*** Block opens ***

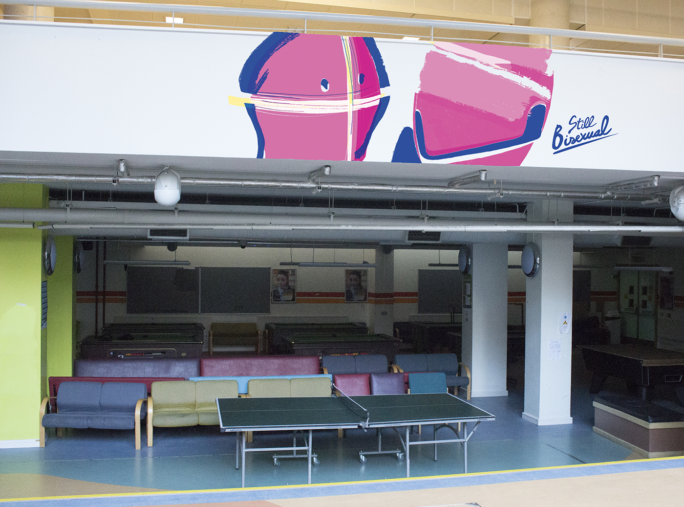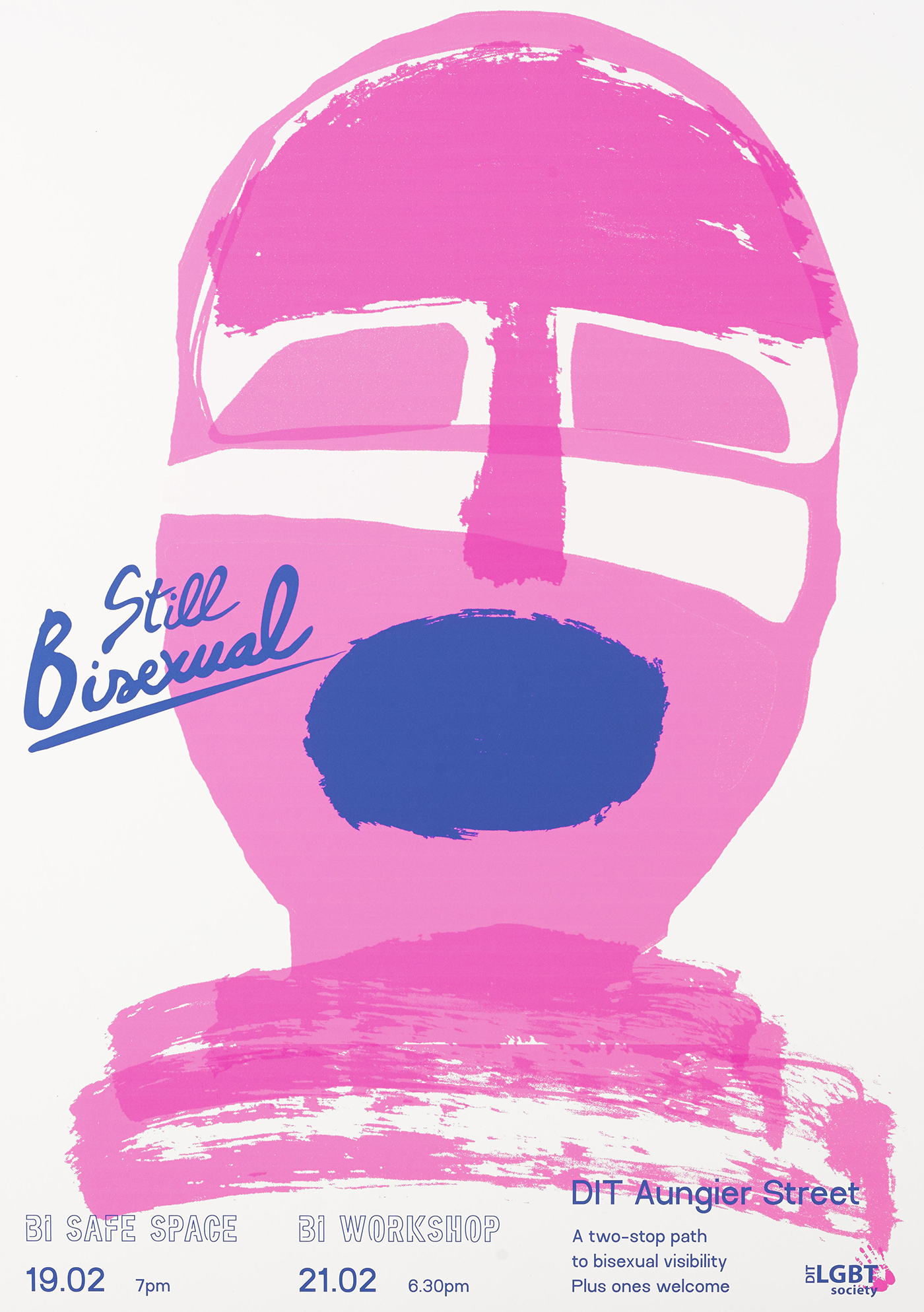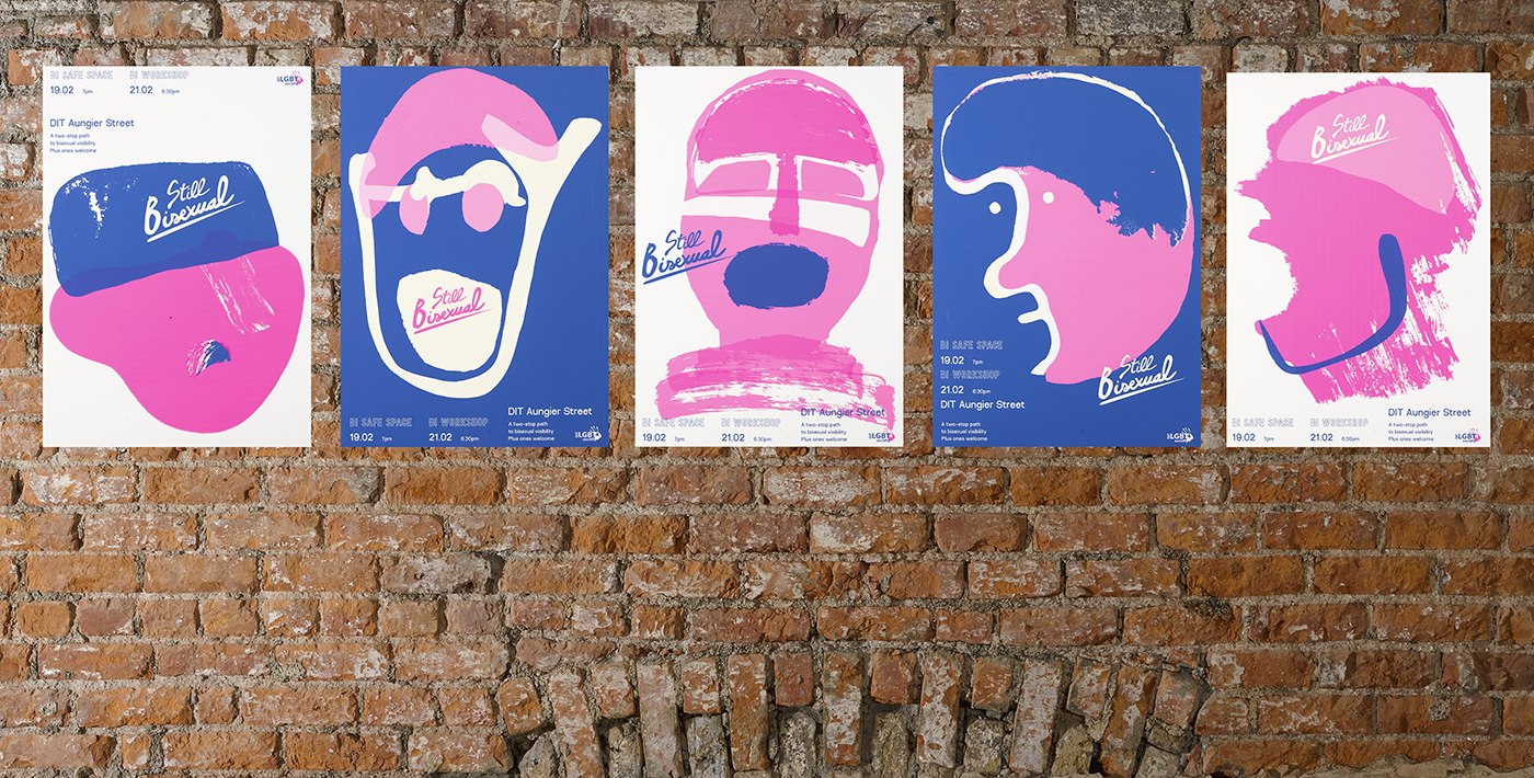 The aim of this project was to develop an appropriate event brand identity for bisexual-specific events for DIT's LGBT Society. The solution had to be unique within the foray of LGBT representational organisations in Ireland and abroad, and it had to help the young, bisexual minority in DIT establish itself as worthy of recognition within the student body. Studies found that more needs to be done to integrate the LGBT community with its quiet bisexual majority. A number of touch-points explored include posters, murals, badges and social media placement. These were chosen for the LGBT Society, and for the community, to produce better communication with bisexuals beyond word-of-mouth and outdated assumptions.
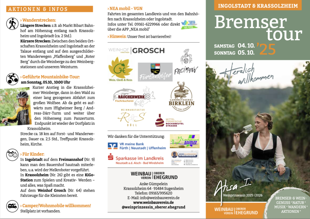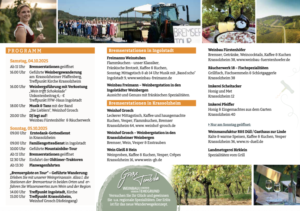 Ganz Krassolzheim verwandelt sich dann in eine große Fußgängerzone. Viele Winzer und Höfe bieten fränkische Spezialitäten an. Natürlich gibt es außer dem Bremser (= Traubensaft in der Vergärung) noch mehr fränkische Köstlichkeiten.
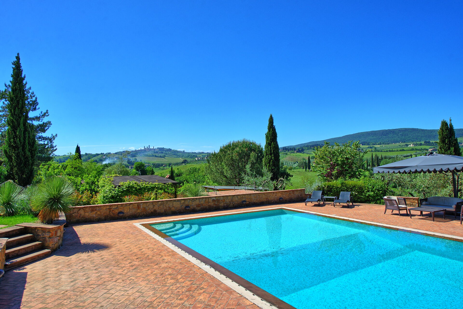La piscine se trouve sur une grande pelouse et offre une vue sur les collines de Toscane et les tours médiévales de la ville historique de San Gimignano. La piscine est entourée d'un solarium et d'un jardin luxuriant.
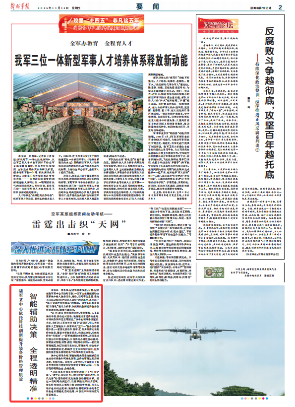 “以往,装备价格管理分散、资源零散,人工查询效率低,价格比对困难,装备建设常受价格虚高、市场核价保鲜度差等困扰。”该中心领导告诉记者,为此,他们深入军地有关部门广泛调研,引入大数据和人工智能技术,探索形成“三个一”装备价格管理体系:一套历史价格数据库,汇集多源历史采购价格信息,覆盖主要装备品类,构建起完整、权威的价格“档案馆”;一套智能辅助决策系统,深度集成数据分析和智能算法,实现价格合理性自动比对、异常波动智能预警、潜在风险精准识别;一套数据管理规范,制订数据采集存储、管理使用、安全维护等多项管理制度,明确责任主体和维护流程,让数据价值在装备管理的各个环节得到充分体现。
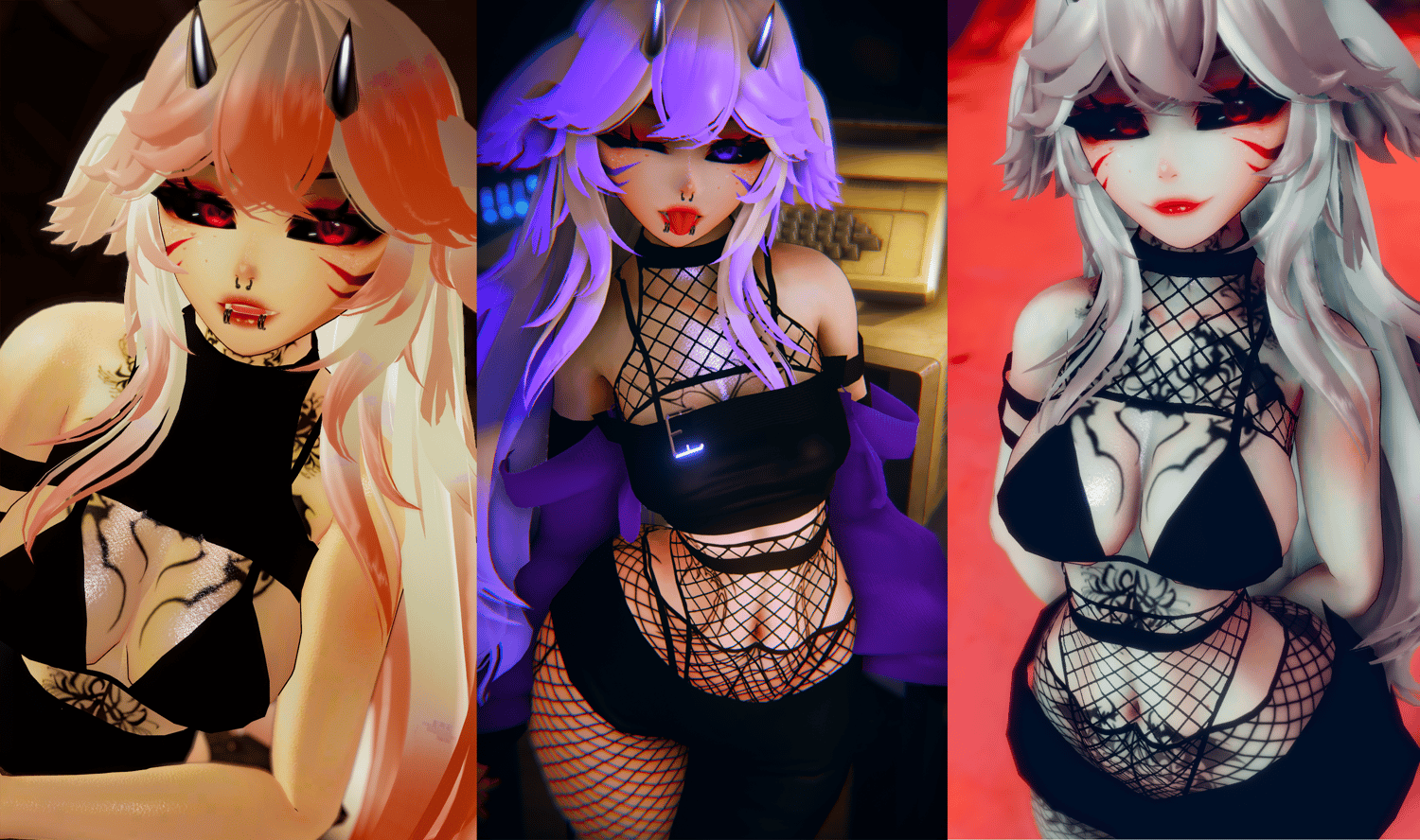 breast slider, butt slider, face shape slider, skin tone, tattoos, black sclera, face marks, body glitter, left horn, right horn, ears, tail, long hair, extra hair strands, piercings
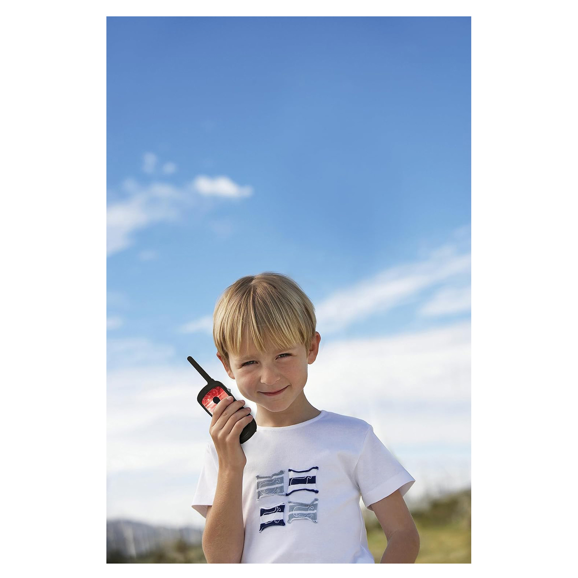 - Dvě vysílačky s dosahem přenosu až 120 metrů venku (v závislosti na terénu a povětrnostních podmínkách, doporučuje se používat na rovném otevřeném prostranství)
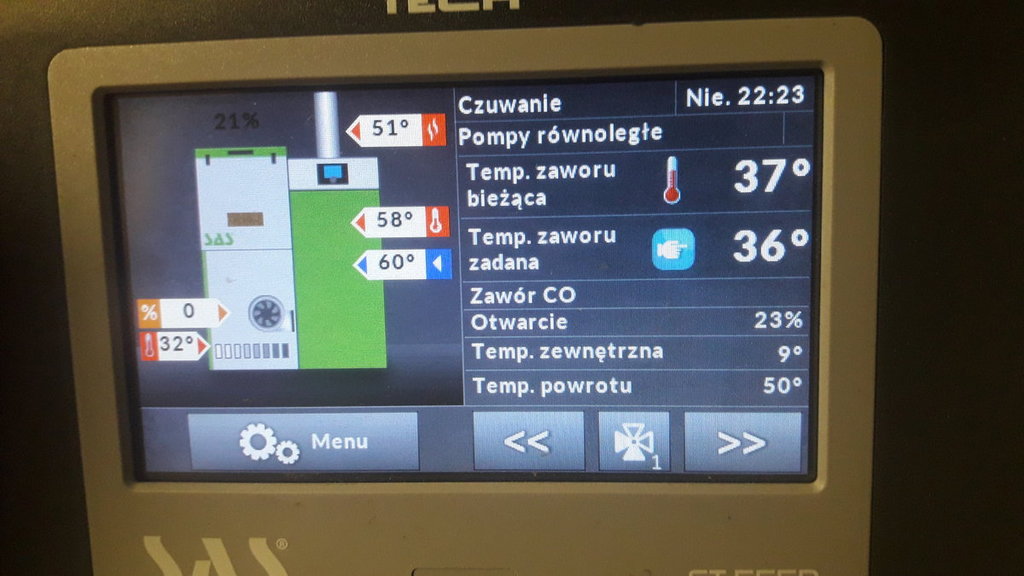 mam podobny problem , kocioł bio compakt 15kw, dom ok 160m2 do ogrzewania, średnio docieplony, instalacja grzejnikowa przewymiarowana + głowice, układ zamknięty zawór 4d z siłownikiem, pompa kotłowa, cały czas próbuje różne ustawienia z forum, serwisant z sasa zaproponował żebym ustawił kocioł na 55` (rzekomo nic się nie stanie) i bez wyłączania kotła. Jest też załączona pogodówka, przy+12 stopniach na dworze zawór się ustawił na zadaną 35` a aktualna jest około 50` przy 4d zamkniętym na 3%. Zauważyłem że przy -8 i +12 na dworze kocioł żre tak samo 40-45 kg. W historii alarmów jest też uszkodzony czujnik podajnika data od 2016r do bieżącej daty a kociołek jest od października. Ktoś? coś?
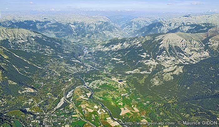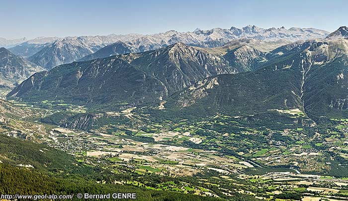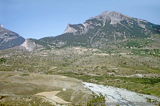 En rive gauche de la Durance le fond de vallée est occupé, aux abords de Siguret, par de larges affleurements de matériel subbriançonnais qui descendent jusqu'au lit de la rivière et y donnent un relief de collines capricieuses. Plus au sud, dans les pentes de Saint-André d'Embrun, ce matériel n'affleure plus qu'au bas des raides versants d'où s'échappent les torrents de Palps et de Crévoux et qui culminent aux sommets de Razis et de Chabrières.
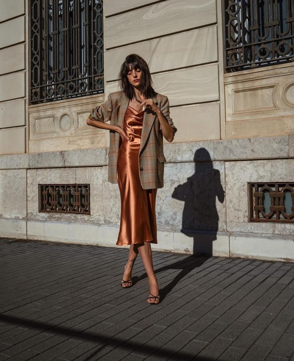 剛柔並濟的穿法有很多,西裝+連衣裙絕對是其中的佼佼者,一件Oversize的廓形西裝,冷靜的線條配合著寬闊的墊肩,將冷酷不羈的大女生風格盡情的展露,隱隱的橘色暗紋鑲嵌其中,倒是為整體增添了幾分英倫紳士的修養。內搭一件真絲緞面長裙,色澤真摯細膩、面料垂感有佳、渾然天成的貴氣在幹練的西裝中脫穎而出,這一份幹練與嫵媚並存的人間絕色,可稱得上是無與倫比的高級。
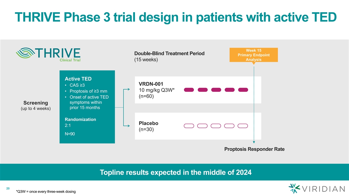 THRIVE Phase 3 trial design in patients with active TED Week 15 Double-Blind Treatment Period Primary Endpoint Analysis (15 weeks) Active TED VRDN-001 • CAS ≥3 10 mg/kg Q3W* • Proptosis of ≥3 mm (n=60) • Onset of active TED symptoms within Screening prior 15 months (up to 4 weeks) Randomization Placebo 2:1 (n=30) N=90 Proptosis Responder Rate Topline results expected in the middle of 2024 20 *Q3W = once every three-week dosing
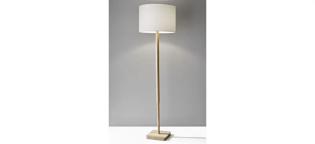 The Ellis Floor lamp is a simple silhouette that allows natural materials to shine. Natural wood grain is paired with a textured fabric to create an elegant design that suits all styles. A three-way rotary switch is located conveniently on the socket and a cord comes neatly out of the base. The 3-way rotary socket switch will only work with a 3-way light bulb, otherwise this lamp will function with simple on/off switch at its highest setting. This lamp is smart outlet compatible. Bulb is not included.
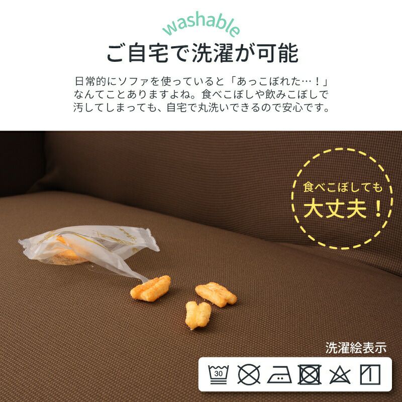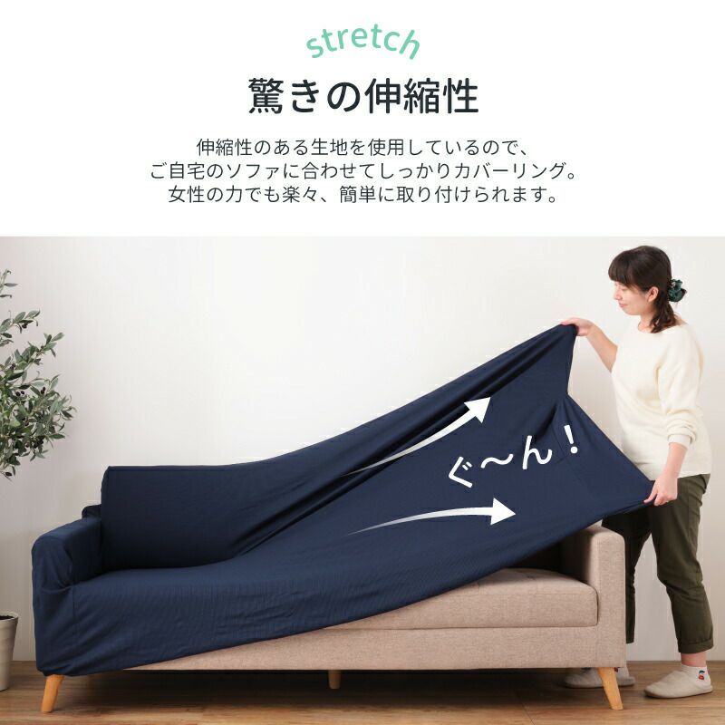 伸縮性のある生地を使用しているので、ご自宅のソファに合わせてしっかりカバーリング。
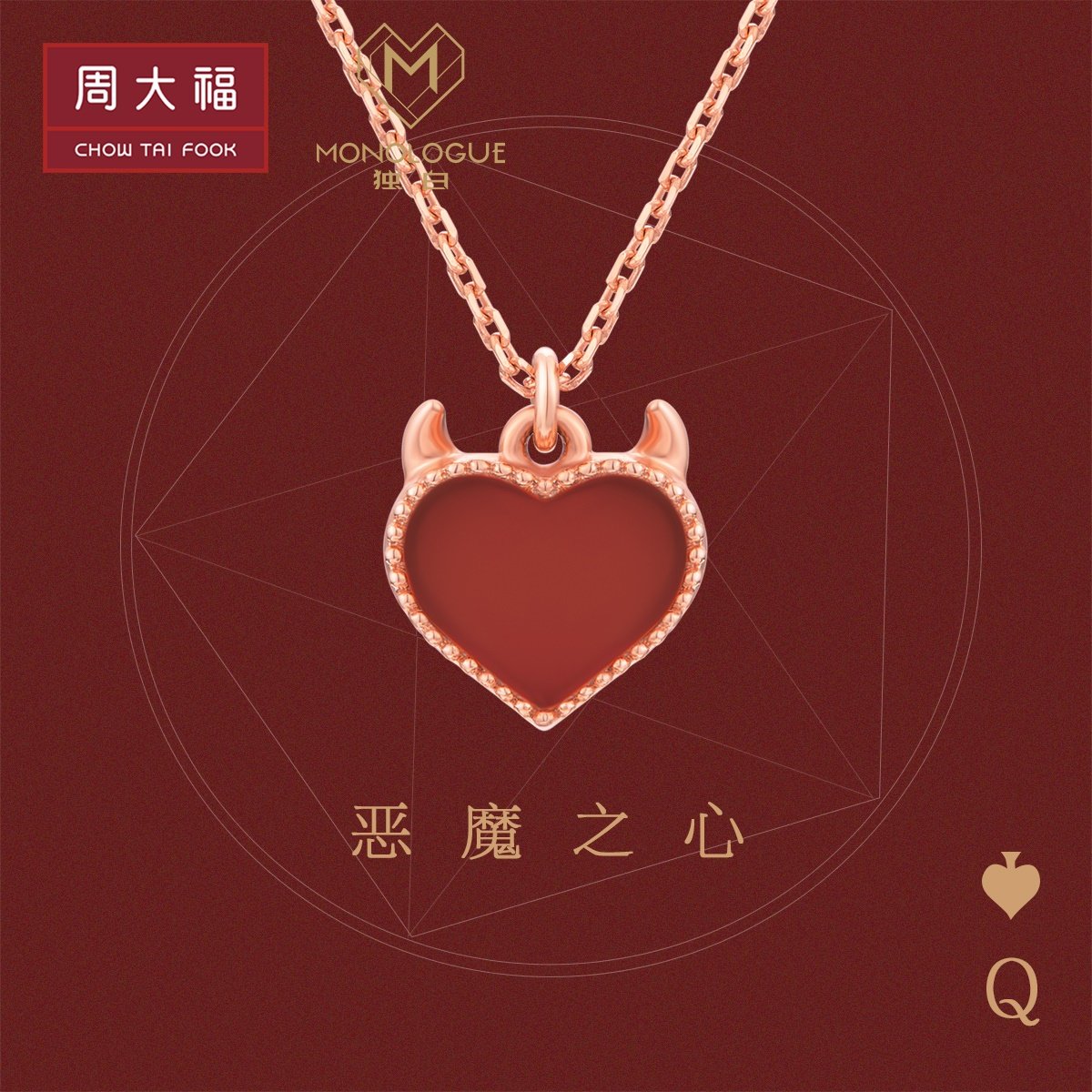 周大福 Монолог монолог демон Сердце 18K Золото Красное Халцедонии Подвеска MV41 MV41

*** Block closes ***

WHAT TO PRODUCE:
Return exactly the stretch above whose first line contains "剛柔並濟的穿法有很多,西裝+" and whose last line contains "THRIVE Phase 3", and nothing outside it. The pictures should not appear.

SOLUTION FOR THIS PROBLEM:
 剛柔並濟的穿法有很多,西裝+連衣裙絕對是其中的佼佼者,一件Oversize的廓形西裝,冷靜的線條配合著寬闊的墊肩,將冷酷不羈的大女生風格盡情的展露,隱隱的橘色暗紋鑲嵌其中,倒是為整體增添了幾分英倫紳士的修養。內搭一件真絲緞面長裙,色澤真摯細膩、面料垂感有佳、渾然天成的貴氣在幹練的西裝中脫穎而出,這一份幹練與嫵媚並存的人間絕色,可稱得上是無與倫比的高級。
 THRIVE Phase 3 trial design in patients with active TED Week 15 Double-Blind Treatment Period Primary Endpoint Analysis (15 weeks) Active TED VRDN-001 • CAS ≥3 10 mg/kg Q3W* • Proptosis of ≥3 mm (n=60) • Onset of active TED symptoms within Screening prior 15 months (up to 4 weeks) Randomization Placebo 2:1 (n=30) N=90 Proptosis Responder Rate Topline results expected in the middle of 2024 20 *Q3W = once every three-week dosing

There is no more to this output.